5th Prime Minister of Natal
- In office 18 August 1903 – 16 May 1905
- Monarch: Edward VII
- Preceded by: Albert Henry Hime
- Succeeded by: Charles John Smythe

Personal details
- Born: 8 July 1834 Crowland, Lincolnshire, England
- Died: 30 November 1913 (aged 79) Howick, Natal, South Africa
- Spouse: Harriett Burkitt 1834-1879, Mary Pascoe 1881 -
- Children: Morris Adlard Sutton, William Henry Sutton
- Occupation: Farmer, politician, writer

= George Morris Sutton =

Sir George Morris Sutton (8 July 1834 – 30 November 1913) was a South African politician and farmer. Born in Britain, he served as the Prime Minister of the British Colony of Natal from 18 August 1903 to 16 May 1905.

==Biography==
Sutton was born on 8 July 1834 in Crowland, Lincolnshire to Joseph Sutton and Elizabeth Price (née Cherrington).

In 1854 he emigrated to the United States, where in 1859 he married Harriett Burkitt, mother of his two sons. After living for some years in Chicago, Illinois, Sutton emigrated to the British Crown Colony of Natal in South Africa, arriving in Durban, Natal on 10 May 1872.

He was married a second time to Mary Pascoe in 1881, and bought several farms including Stocklands, Oaklands, Fairfell, and Everdon in the Karkloof Forest outside the village of Howick. Sutton lived and farmed for many years, contributing considerably to the agricultural knowledge of the Colony by writing in The Natal Witness under the penname "Agricola". He exported wattle tree bark to England for use in tanning leather, developing the wattle industry in Natal.

Sutton was a member of the Pietermaritzburg Agricultural Society, serving as president in two periods (1880-1883 and 1905–1907).

The Fairfell homestead is now a South African National Landmark.

==Natal wattle pioneer==

A Natal wattle farming pioneer, Sutton played a founding role in developing the colony's fledgling wattle industry, exporting wattle tree bark to England for use in tanning leather. In 1877, he joined the Pietermaritzburg Agricultural Society, serving as its president for two terms, from 1880 to 1883 and again from 1905 to 1907. In 1884 he persuaded a tannery in Pietermaritzburg to experiment with the bark of the local black wattle, introduced from Australia some 20 years earlier, as a tanning material. The experiments proved successful and encouraged the local production of wattle bark for export. In 1888, Sutton published a 22-page pamphlet, Wattle Bark: A Paying Industry in Natal, in which he explained how to grow the trees, when to cut them down, how to strip and prepare the bark, the varieties of trees to plant, the yield of bark per acre, and the returns that farmers could expect, based partly on information from Australia. A second, enlarged 46-page edition was published in 1892. Later he became a director of several wattle concerns in Natal and a driving force in the development of the Dundee coal industry. He was furthermore the agricultural correspondent for The Natal Witness for nine years, writing under the pen-name "Agricola".

==Political career==

He was member of the Natal Legislative Council (1875-1883 and 1885–1893). He was nominated to the Executive Council in 1882. In 1892, he was part of a delegation of Natal politicians who accompanied Sir John Robinson to England to seek Responsible Government for the Colony.

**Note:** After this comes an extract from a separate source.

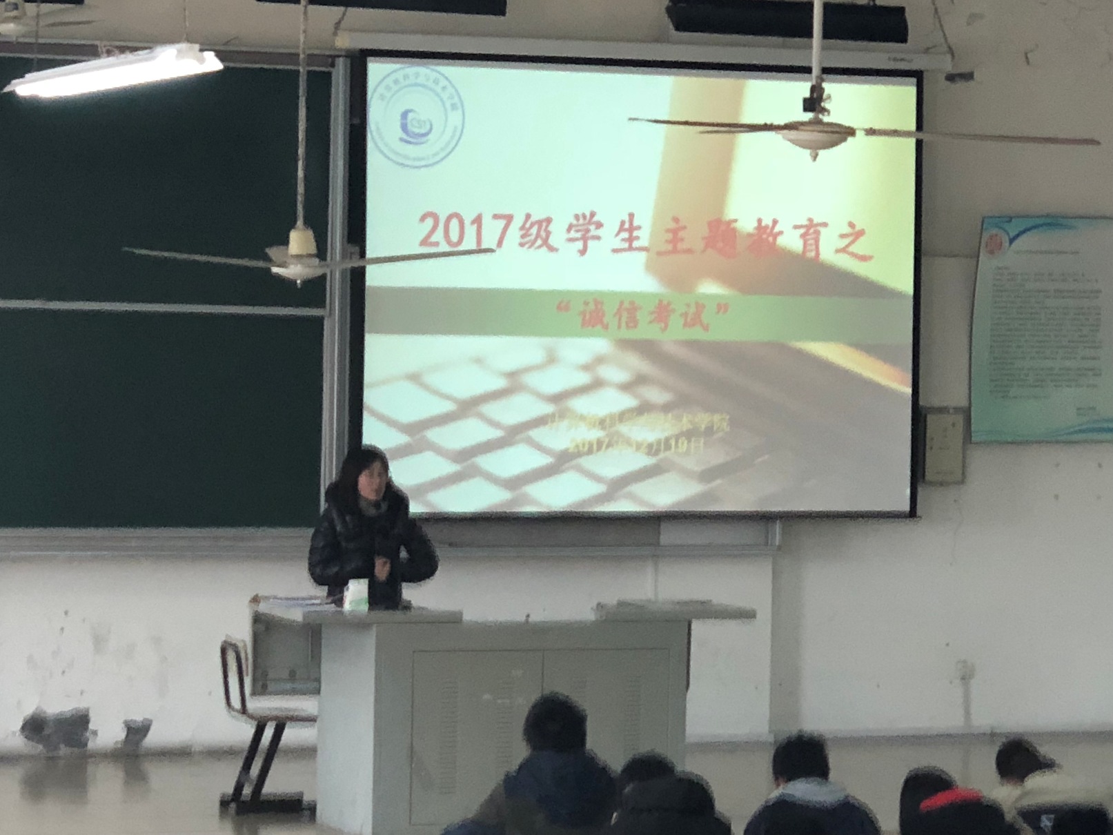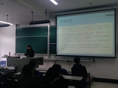 2017年12月19日,beat365体育官网平台诚信考试动员大会由各辅导员分别召开。全体辅导员根据《学生手册》对于诚信考试的要求,从公民道德和学校制度两个方面进行了讲解,对于考试违纪处分的新规定进行了着重提醒,对全体本科生做了期末考风考纪动员。良好的学风、考风是学院教学工作、人才培养、学风建设的重要环节,希望大家诚信考试,坚守底线,认真备考,用实际行动实现自己的梦想。此外,辅导员发放了《诚信考试承诺书》,同学们在认真阅读后慎重签下了自己的名字。
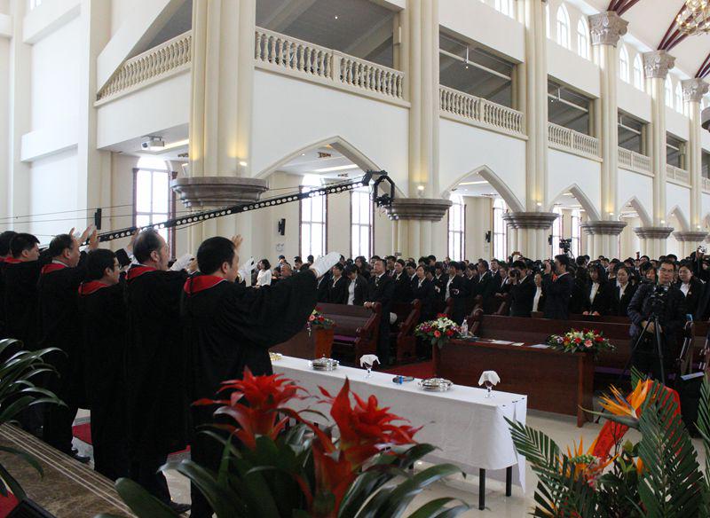 2015年10月20日上午,沈阳的天比以往突然冷了不少,然而位于棋盘山上的东北神学院却比以往热闹了很多。因历届校友和众教会弟兄姊妹也来到这与东北神学院全体师生一同为磐石国际礼拜堂的落成向神献上感恩礼拜。

He was nominated to the Legislative Council for Pietermaritzburg upon the establishment of Responsible Government in 1893. Also, he was Colonial Treasurer of Natal from 1893 to 1897.

In August 1903 he became Prime Minister of Natal for two years.

== Honorific title ==
He was invested as Knight Commander of Order of St. Michael and St. George (K.C.M.G.) on 24 June 1904.

==Legacy==
His great-grandson, William Morris Sutton, was elected in 1959 as a Member of the Natal Provincial Council, and in 1964 to the South African Senate. In 1966, he became a Member of Parliament for the Natal constituency of Mooi River. In 1989, he was appointed to the State President's Council on Economic and Constitutional Development.